Оставленный! Не плачь:
Еще сердца найдутся
Согласные с твоим!
Неверная ль забыла?
Несчастный! Слез не лей,
Надейся — и подругу
Ты милую найдешь.
Кропишь ли ты слезою
Своих любезных прах?
Утешься! Там — за гробом —
Ты верно встретишь их…
Тут Прямодушин зарыдал, София оставила гитару и бросилась обнимать его. В первый раз с того времени, как Модест оставил столицу, глаза его наполнились слезами: он старался их скрыть и дивился самому себе.
— Мы увидимся с нею,— сказала София.
— В вечности, друг мой, в вечности,— отвечал старик дрожащим голосом.— Любезный Модест,— продолжал он,— извини горесть нашу: могила жены моей еще свежа… Но уже полночь, тебе нужен покой.
Покой не посетил души Модестовой: сон не смыкал глаз его. Он лег на постелю и опять встал, ходил по комнате, с радостию увидел первые солнечные лучи и ушел домой, не простившись с хозяином.
Прямодушин был русский, столбовой дворянин, но к длинному листу родословной присоединял он и личные достоинства: честность, добродушие, гостеприимство — отличительные свойства предков наших. Добрые называли его благодетелем, отцом, порочные,— порочные также любили его, ибо он был друг людей и слабости их возбуждали в нем не ненависть, но горесть и сожаление. Прослужив тридцать лет в армии, он захотел успокоиться, вышел в отставку и возвратился на свою родину в Ч **. В старости гораздо чувствительнее одиночество: приближаясь ко гробу, мы более и более привязываемся к жизни и, подобно утопающим, хватаемся за всякую соломинку, чтобы продлить несколькими минутами бытие свое — даже хотя в воспоминании других. Прямодушин с горестию видел будущее: уединенный, неокропляемый ничьими слезами гроб представлялся мыслям его, и он часто, очень часто восклицал: ‘Я не жил на свете!’
Томимый скукою, душевною пустотою и тягостным чувством одиночества, он решился жениться, выбрал небогатую, но украшенную всеми добродетелями девушку. Она любила его как отца, добрый Прямодушин знал, что резвый сын Питерской богини* благосклонен только к юности,— знал, и не требовал более. Через год родилась у него дочь — София, и он, казалось, помолодел двадцатью годами, казалось, считал себя бессмертным. Не щадил ничего для образования ума Софии, на груди нежной родительницы, в ее объятиях она училась чувствительности, была утешением отцу и всем для матери. Мария — так звали супругу Прямодушина,— уважая мужа, страстно любила дочь свою: в весне жизни нельзя отказаться от любви.
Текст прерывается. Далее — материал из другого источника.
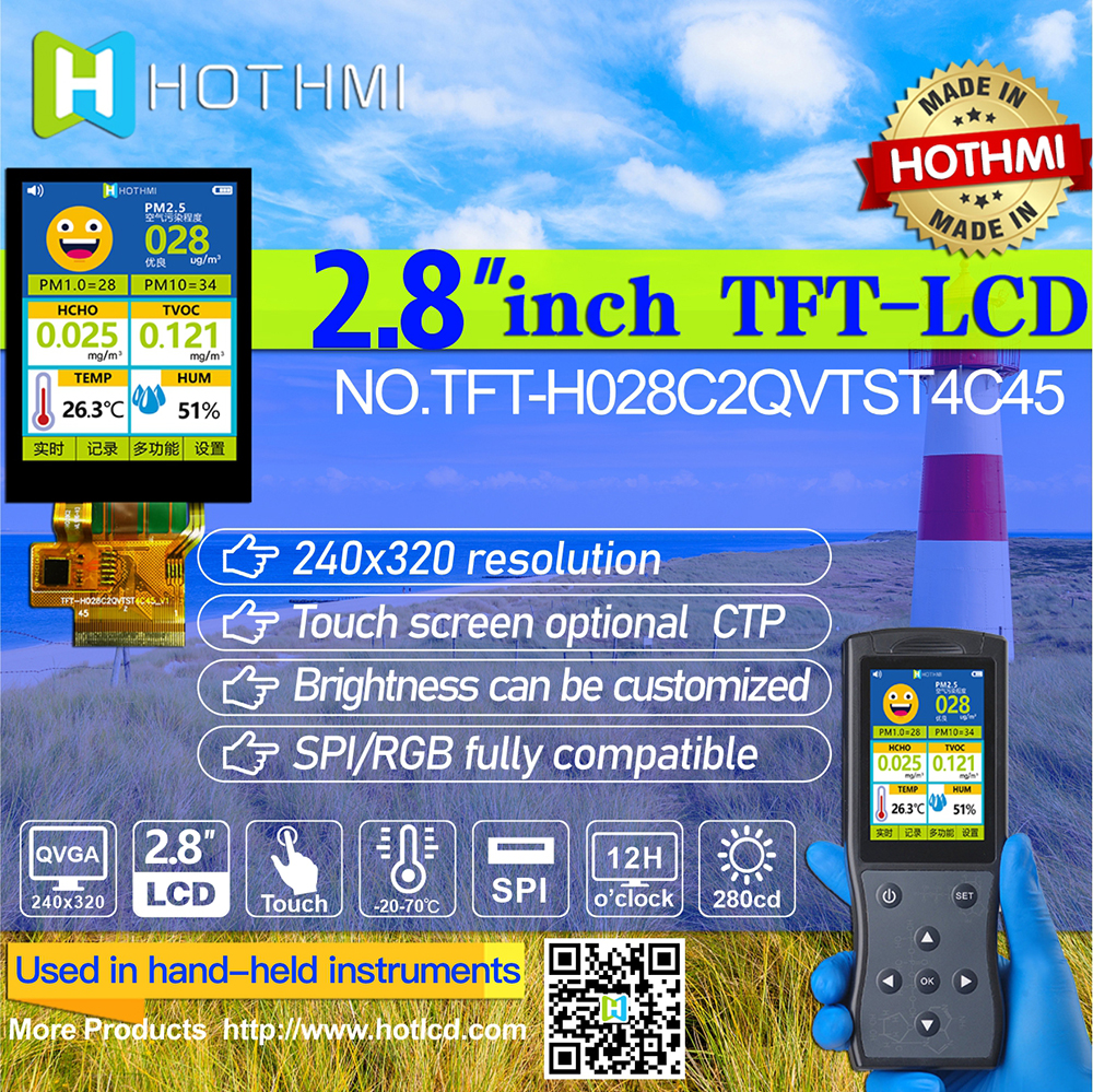 2.8寸TFT彩屏 /240*320分辨率 /12H White LED /RGB/SPI/MCU接口 /TFT-H028C2QVTST2C45/應(yīng)用于手持儀器儀表

Среди попечений о воспитании Софии, среди семейственных удовольствий добрый Прямодушин и не видал, как прошло осьмнадцать лет. Счастливые минуты летят быстро, на свинцовых крыльях влачится время горести. Жизнь его, после бурных волнений, текла, подобно тихой реке, неприметно несущей воды свои в море: он спокойно приближался к океану вечности, но
Кто не был век знаком с тоскою,
Кто в жизни горьких слез не лил?
Кто, нисходя во гроб — к покою,
Сказать нам мог: я счастлив был!
Жестокая судьба не исполнила сердечного желания Прямодушина: быть оплакану своею супругою. Она занемогла, умирая, пожала тихо руку своего мужа, взглянула на горестную, почти бесчувственную дочь, которая стояла на коленях подле смертной ее постели, от нее перевела глаза на образ — благословение ее матери, сказала умирающим голосом: ‘Господи!’ — и ее не стало. София упала без чувств, отчаянный Прямодушин принял последний вздох милой супруги… Не буду описывать ни мрачной, безмолвной горести старца, ни воплей, ни терзаний нежной дочери: сердца чувствительные поймут меня, я пишу не для холодных.
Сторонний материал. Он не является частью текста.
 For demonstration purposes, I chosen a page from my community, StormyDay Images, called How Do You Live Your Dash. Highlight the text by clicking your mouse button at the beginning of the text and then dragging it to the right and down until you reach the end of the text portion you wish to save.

Время есть лучший утешитель. Сначала жестокие страдания раздирают сердце несчастного, потом в слезах изливается горесть его и, наконец, остается токмо одно меланхолическое, сладостное воспоминание. Так водный круг, расширяясь мало-помалу, становится неприметен. Красные весенние дни казались печальному Прямодушину и осиротевшей его дочери днями осенними, мрачными: он не вспомнил о полевых работах, об экономии, София не слыхала пения жаворонков, не видала, как цветы распускались. Пришло лето. Прямодушин приметил, что траву пора косить, а София посадила вокруг могилы матери своей кусты розанов. Наступила осень, и Прямодушин смотрел за жнитвом, за уборкою хлеба, София прогуливалась в саду и роще. В сие время случай привел к ни Модеста.
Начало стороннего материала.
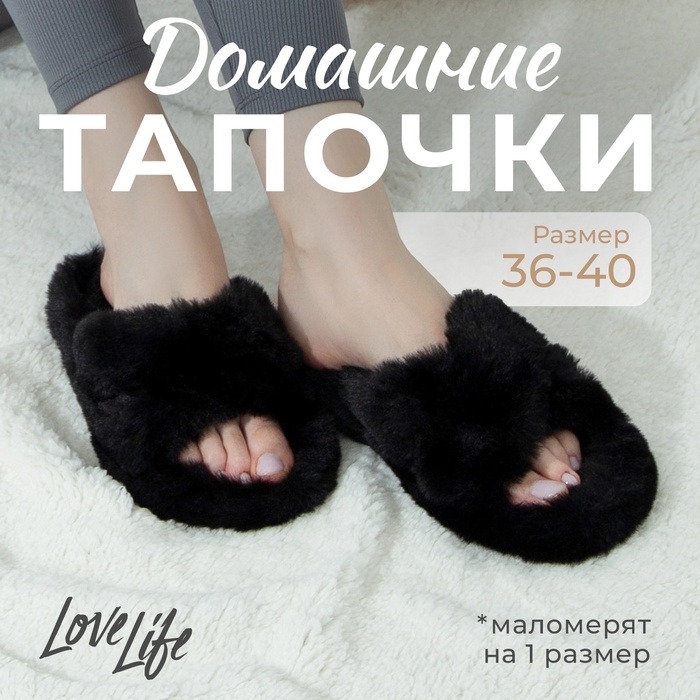 Тапочки женские с открытым носом размер 37, цвет чёрный

София говаривала: ‘Есть два рода женщин, одни нравятся при первом взгляде, другие — при втором, одни — прекрасны, другие — добродетельны’. София принадлежала к последним, София ни в чем не, могла равняться с вами, блистательные светские красавицы! Она была провинциалка! Не имела ни тех поражающих, победоносных взоров, которые рождают вместе и надежду и Отчаяние, ни того прелестного и вместе коварного лица, которое, кажется, говорит: будь счастлив и опасайся! Нет! Голубые глаза ее были зеркалом нежного сердца, ее лицо, милое и доброе, показывало кроткую, чувствительную душу. И наружность не обманывала. София не хотела отличаться в свете: скромная фиалка была эмблемою ее поведения, но всякий хорошо образованный человек, поговори и с нею несколько минут, с сожалением оставлял ее. София не хотела выказывать своей чувствительности, редко плакала при людях, но вид несчастного раздирал ее сердце: она спешила облегчить судьбу его помощью, советами, слезами. Не искала толпы обожателей, но — подивитесь ее невежеству! — желала иметь одного милого, верного друга. Короче сказать, красавицы! всякий вежливый, умный мужчина отдал бы благоговейное почтение вашим прелестям и пожелал бы иметь Софию подругою жизни своей.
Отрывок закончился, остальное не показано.